PROBLEM TO SOLVE:
In full and exactly, please return the records, but keep out the pictures.

*** DATA UNDER STUDY ***

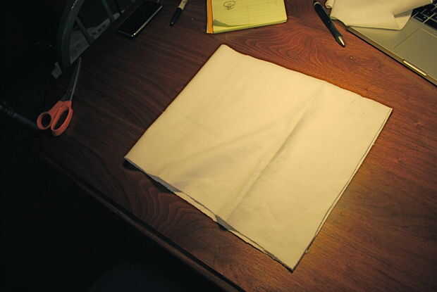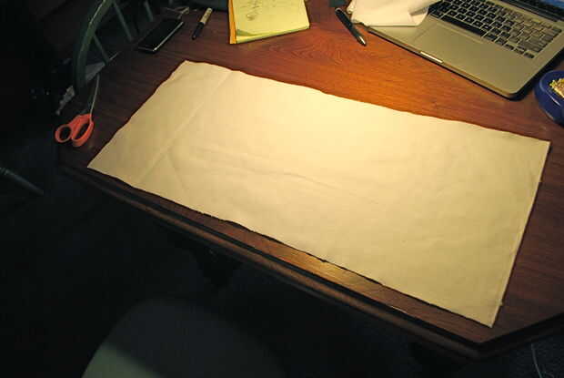 Cortar un trozo de tela blanca 12" alto y tan largo como lo que calcula por encima de. Doble hamburguesa estilo, pin y coser.
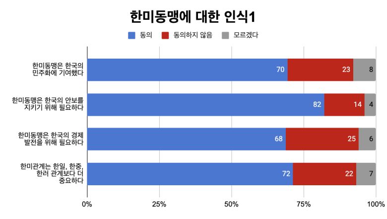응답자들은 한미동맹을 긍정적으로 평가했다. 특히 “한국의 안보를 위해 필요하다”는 데 82%가 동의했다. “한일, 한중 관계 등보다 한미관계가 더 중요하다”는 응답도 72%였다. “한미동맹이 민주화에 기여했다”(70%)거나 “경제발전에 필요하다”(68%)는 평가도 높았다. 안보뿐 아니라 외교, 역사적 측면에서도 한미동맹을 중요하게 보는 여론이 확인됐다.
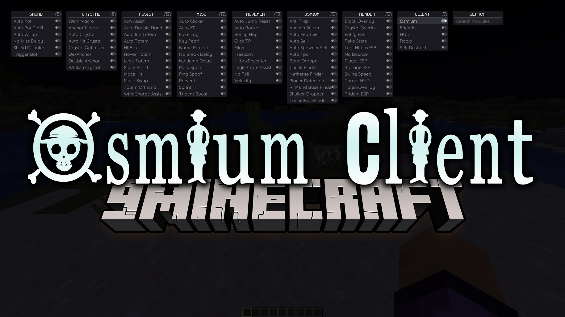 Osmium Client Mod (1.21.1) is a Ghost Client specialized for Crystal PvP. It has a powerful set of modules and combos for sword PvP such as: automatically holding a Totem, aim-assist and death-avoidance, assistance with combat actions, movement and detection-evasion support, and enhanced wall-penetrating vision and combat HUD.
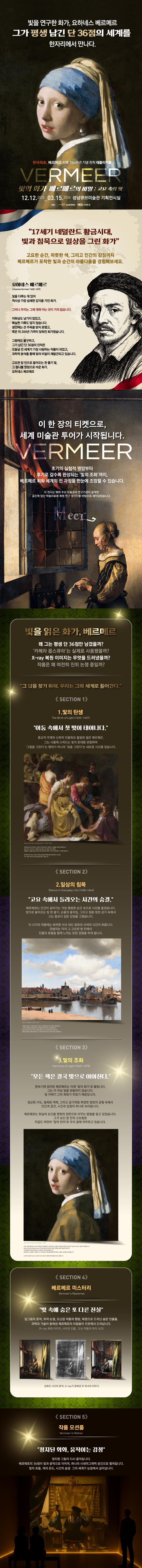 초기의 실험적인 명암부터 후기로 갈수록 완성되는 빛의 조화까지, 베르메르 회화 세계의 전 과정을 한눈에 조망할 수 있는 특별한 전시예요. ‘빛을 읽은 화가’ 베르메르, 왜 그는 평생 단 36점만 남겼을까요? 카메라 옵스큐라는 실제로 사용되었을까요? X-ray 복원 이미지는 무엇을 드러냈고, 그의 작품은 왜 지금도 진위 논쟁의 중심에 있을까요? 우리는 그 답을 찾기 위해 그의 세계로 들어갑니다.
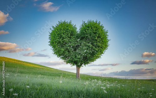 Obraz premium Heart-Shaped Tree of Love: A majestic tree, sculpted by nature, stands proudly in the heart of a green field. Its branches intertwine to form a perfect heart shape.

*** End of DATA UNDER STUDY ***

EXERCISE RESULT:
 Cortar un trozo de tela blanca 12" alto y tan largo como lo que calcula por encima de. Doble hamburguesa estilo, pin y coser.
응답자들은 한미동맹을 긍정적으로 평가했다. 특히 “한국의 안보를 위해 필요하다”는 데 82%가 동의했다. “한일, 한중 관계 등보다 한미관계가 더 중요하다”는 응답도 72%였다. “한미동맹이 민주화에 기여했다”(70%)거나 “경제발전에 필요하다”(68%)는 평가도 높았다. 안보뿐 아니라 외교, 역사적 측면에서도 한미동맹을 중요하게 보는 여론이 확인됐다.
 Osmium Client Mod (1.21.1) is a Ghost Client specialized for Crystal PvP. It has a powerful set of modules and combos for sword PvP such as: automatically holding a Totem, aim-assist and death-avoidance, assistance with combat actions, movement and detection-evasion support, and enhanced wall-penetrating vision and combat HUD.
 초기의 실험적인 명암부터 후기로 갈수록 완성되는 빛의 조화까지, 베르메르 회화 세계의 전 과정을 한눈에 조망할 수 있는 특별한 전시예요. ‘빛을 읽은 화가’ 베르메르, 왜 그는 평생 단 36점만 남겼을까요? 카메라 옵스큐라는 실제로 사용되었을까요? X-ray 복원 이미지는 무엇을 드러냈고, 그의 작품은 왜 지금도 진위 논쟁의 중심에 있을까요? 우리는 그 답을 찾기 위해 그의 세계로 들어갑니다.
 Obraz premium Heart-Shaped Tree of Love: A majestic tree, sculpted by nature, stands proudly in the heart of a green field. Its branches intertwine to form a perfect heart shape.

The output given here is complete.